I made a 250mA Solar battery charger previously, which is useful. But the charge current is not enough. So I made this high-current version, that can provide 800mA to the lead-acid battery. I am using a 7.2Ah battery to make my system.
This Solar charger is currently limited to about 800mA out of which 160mA is made available using the LM317T(130mA) and the TIP32C(30mA); the rest of the current is supplied by the TIP3055(640mA).
So a totally discharged battery with zero charge can be charged to full capacity in
7Ah/0.8A = 8.75h
The tip3055 will get heated up during the operations. So, a big heatsink is necessary to keep its junction temperature low.
How much the TIP3055 junction temperature will rise depend upon the following equation which I used to calculate.
Junction temp = Ambient Temp + (Power x junction-to-ambient temp of Tip3055)
so if your ambient temperature is 35 degrees Celsius.
and the power dissipated is 4W
the junction to ambient temp of tip3055 is 35.7 degrees Celsius
then, your junction temperature will be = 35 + (4 x 35.7) = 177 degree celsius
you can operate the tip3055 up to 150 degrees celsius only after that it will quickly degrade and go into thermal runaway.

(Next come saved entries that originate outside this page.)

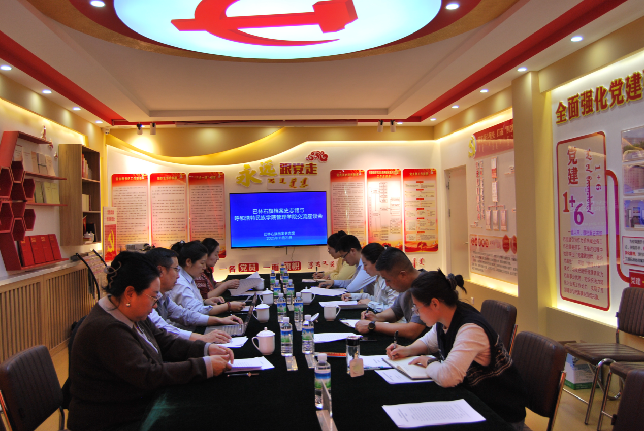 本次考察学习主要围绕挖掘巴林右旗红色档案资源,以及馆藏特色档案、非物质文化遗产档案、乌兰牧骑档案和实习实训基地建设等方面展开。最终,双方以联合申报的内蒙古档案科技项目为起点,聚焦乌兰牧骑等特色档案,开展系统梳理与深度挖掘,提炼其中蕴含的民族团结元素与时代价值,并通过档案汇编、数字化整理和课题研究等方式实现档案的科学保护、系统整理与创新利用。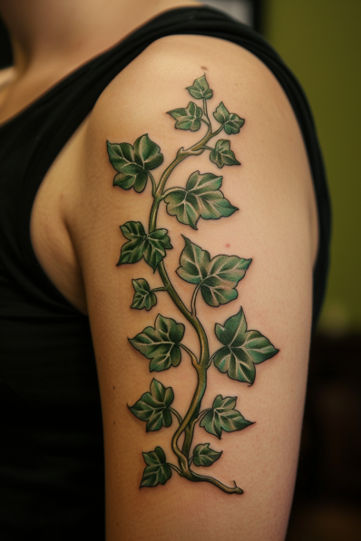 Okay, I have to admit, this tattoo is seriously cool. The watercolor style is just on point, giving the whole piece a fresh, artistic vibe. Ivy symbolizes growth and resilience, which makes this design not only beautiful but also meaningful. And let s be real, who wouldn t want a tattoo that looks like living art? If you re into nature-inspired tattoos that stand out without being overly flashy, this ivy vine design is definitely worth considering. It s got just the right balance of subtlety and impact!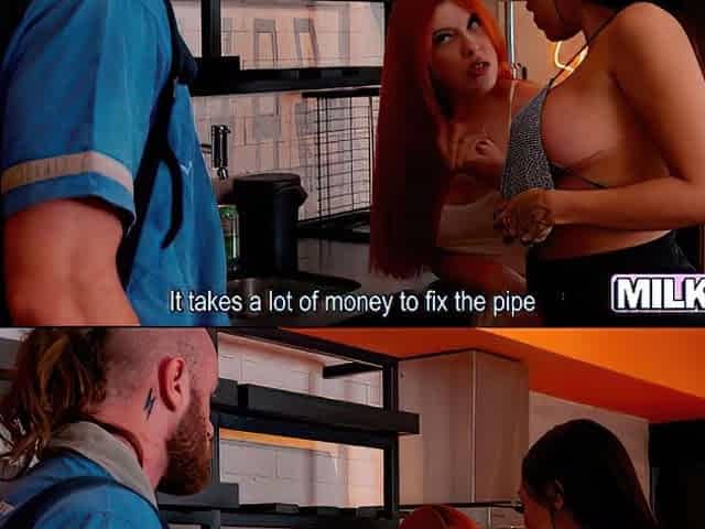 Two pretty friends with big asses let the plumber fill their asses with milk as payment for his services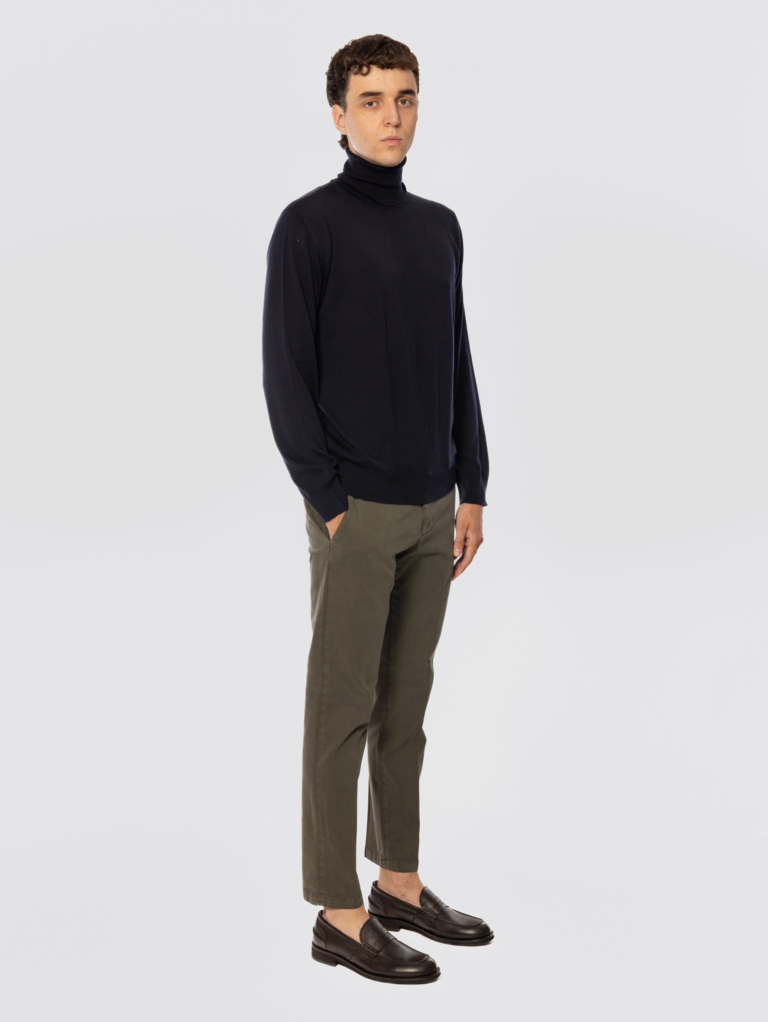 - Pantaloni taglio chino slim fit in cotone tinto capo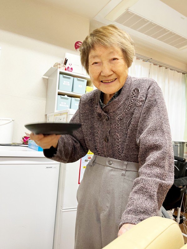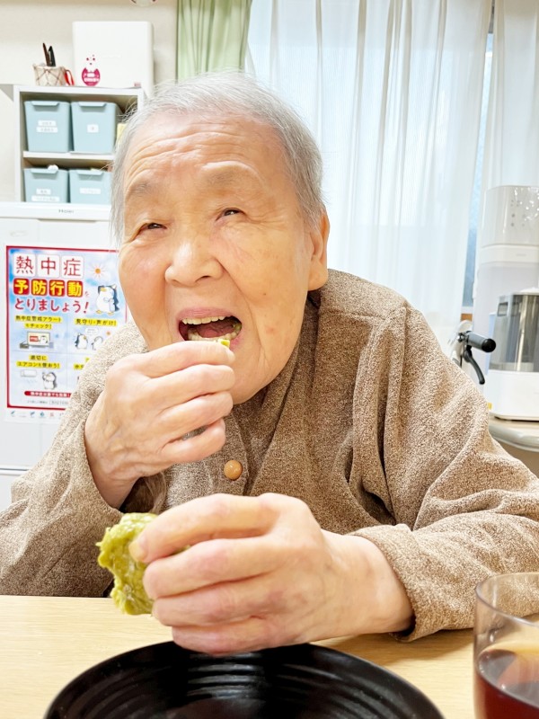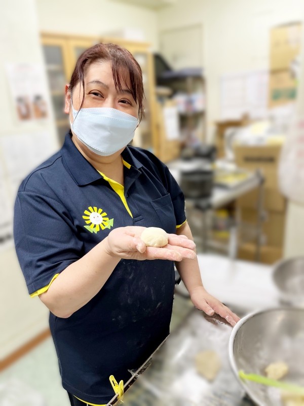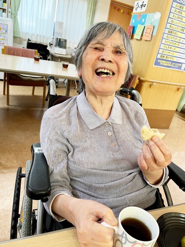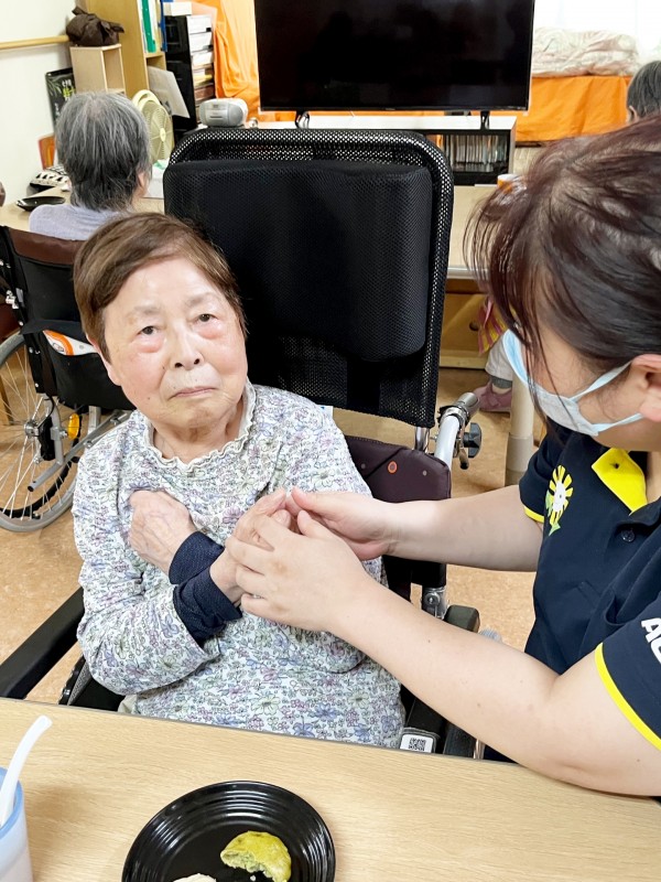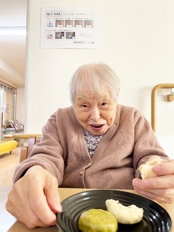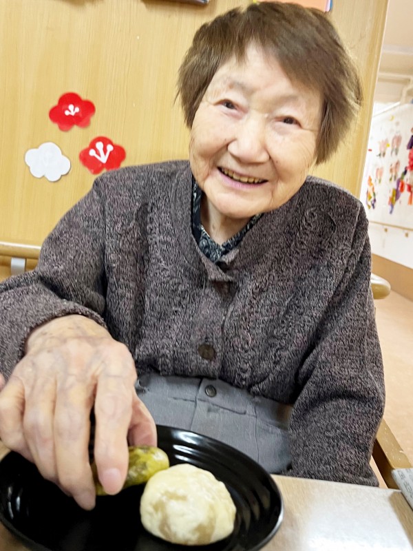 昼食の介助中、目を閉じてしまいなかなか食事が進まなかったS子様にホーム長が「今ね、美味しいお饅頭を頑張って作っているから、S子さんも頑張ってお昼ご飯食べようね」と声をかけると、S子はぱっと目を開けて「わかりました!」と元気なお返事。その様子に職員一同、思わず笑顔になりました。

To prevent it from going into a thermal runaway you need to put a heat sink that can take the extra 27 degrees celsius and make dissipate into the air. This is if the tip3055 can safely operate at 150 degrees Celsius.
In the real world, you do not want to reach the absolute maximum temperature of the transistor. In fact, you want it to be up to 80 degrees celsius only. A further increase will only cause trouble and it will surely go into thermal runaway.

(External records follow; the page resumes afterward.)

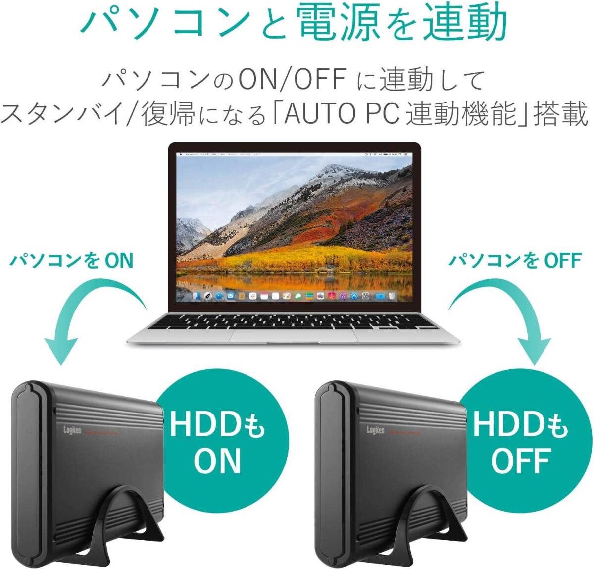 「AUTO PC連動機能」を搭載していますので、パソコンの電源ON/OFFに連動しハードディスクがスタンバイ/復帰します。ACアダプタの抜き忘れによる無駄な消費電力の低減が可能です。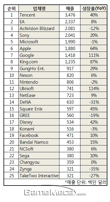 게임 시장 조사기업 Newzoo.com은 지난 30일(현지시간), 2014년 상반기 매출을 기반으로 한 전세계 게임업체 Top 25를 발표했다.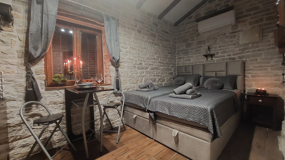 Esta encantadora villa de 3 unidades está ubicada en Buković, una parte de la ciudad de Benkovac, que está a 36 kilómetros de la histórica ciudad de Zadar. La propiedad cuenta con tres unidades y su zona común, la hermosa terraza y amplia piscina. Cada una de las unidades de la propiedad ofrece una cama doble y una cama individual adicional, si es necesaria, por lo que es un lugar perfecto para 9 huéspedes que aprecian una dosis de privacidad en su alojamiento.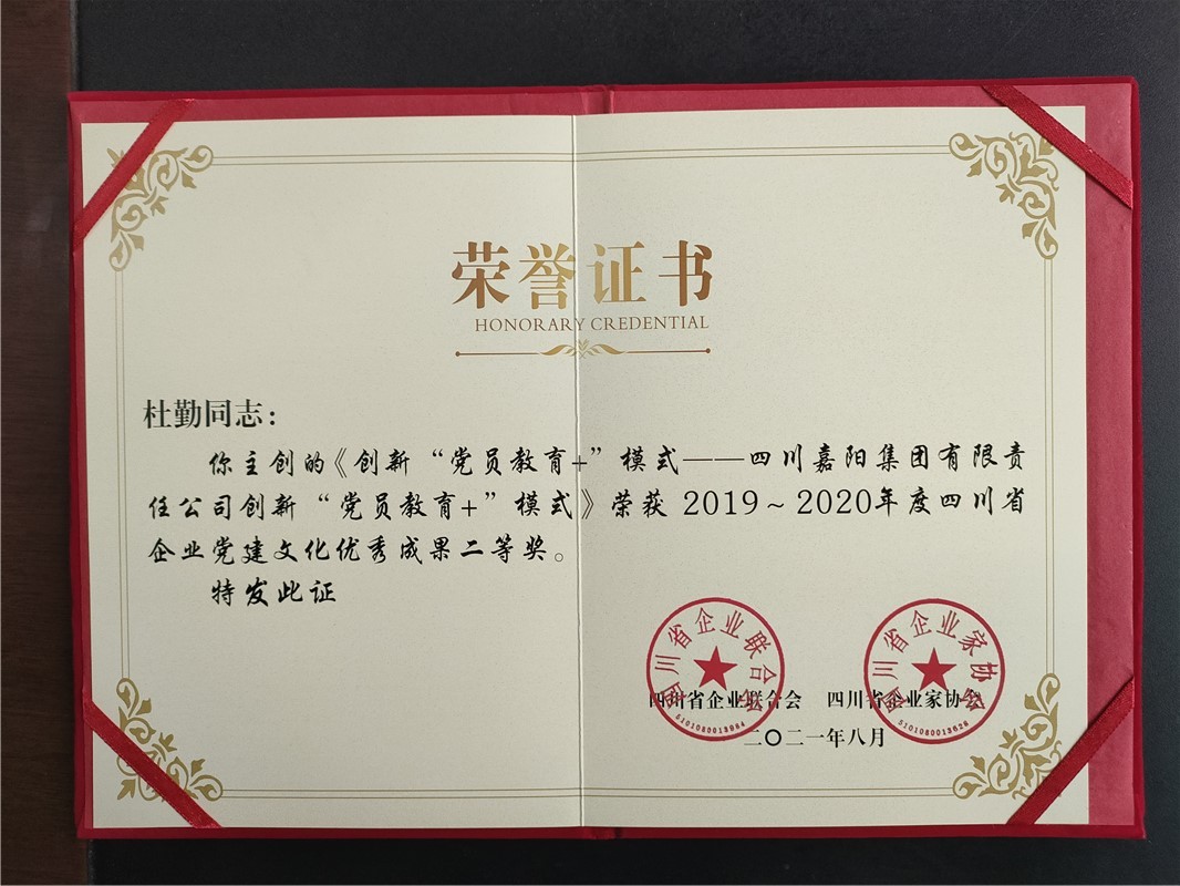 党建引领,文化铸魂,胜游(中国)多年来在党建文化领域深耕细作,成绩斐然。四川省企业联合会、四川省企业家协会联合开展2019—2020年度四川省企业文化建设优秀成果评选活动,胜游(中国)以《创新“党员教育+”模式》为题参选,主创人为党委书记、董事长杜勤、川投峨旅党总支副书记袁成方,参创人为党委副书记谢建国。通过申报、推荐、初评、专家评审等相关程序,胜游(中国)在众多企业中脱颖而出,荣获四川省企业党建文化优秀成果二等奖。胜游(中国)将再接再厉,进一步加强党建文化建设,促进企业实现高质量发展。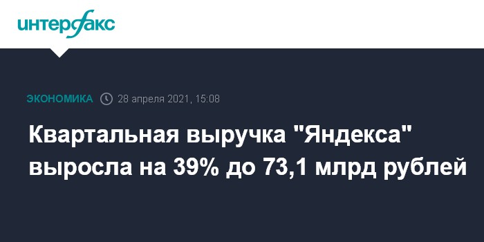 Москва. 28 апреля. INTERFAX.RU - В I квартале 2021 года консолидированная выручка "Яндекса" по US GAAP выросла на 39% в годовом измерении и составила 73,1 млрд рублей, говорится в отчете компании. Показатель учитывает финансовые результаты "Яндекс.Маркета", 100% которого было консолидировано в июле прошлого года.

Charging profile of lead acid solar charger
If the battery is discharged then it will start to charge from the constant charge constant voltage mode.
In constant charge constant voltage mode it will get about 800mA of constant current using a combination of Pass transistor TIP3055, TIP32C and LM317T voltage regulator. This continues till the battery voltage is near the voltage regulator set point.
As the battery voltage increases the current consumed by the battery decreases.
This marks the ending of the first stage and then the battery current decreases following a curve.
It will go from 800ma to 160mA. Till 160mA the TIP3055 is active and supplies the bulk current and from 160mA to 130mA the TIP32C will supply 30mA and the rest of the current, which is 130mA is supplied by the voltage regulator.
So it essentially becomes a two-stage charging profile.
Battery Voltage
Date Time Battery Voltage(V)
4/8 12:26 AM 8/4/2022 12.96
2:01 AM 8/4/2022 12.88
9:50 PM 8/4/2022 12.96
11:48 PM 8/4/2022 12.84
5/8 2:14 AM 8/5/2022 12.74
10:39 AM 8/5/2022 13.68
11:44 AM 8/5/2022 13.50
7:35 PM 8/5/2022 13.03
9:04 PM 8/5/2022 12.94
6/8 5:40 AM 8/6/2022 12:74
10:46 AM 8/6/2022 13.72
6:57 PM 8/6/2022 13.17
10:21 PM 8/6/2022 12.99
11:50 PM 8/6/2022 12.99
7/8 5:44 AM 8/7/2022 12.91
2:26 PM 8/7/2022 13.67You can clearly see that the battery is being charged during the day and it is being discharged at night.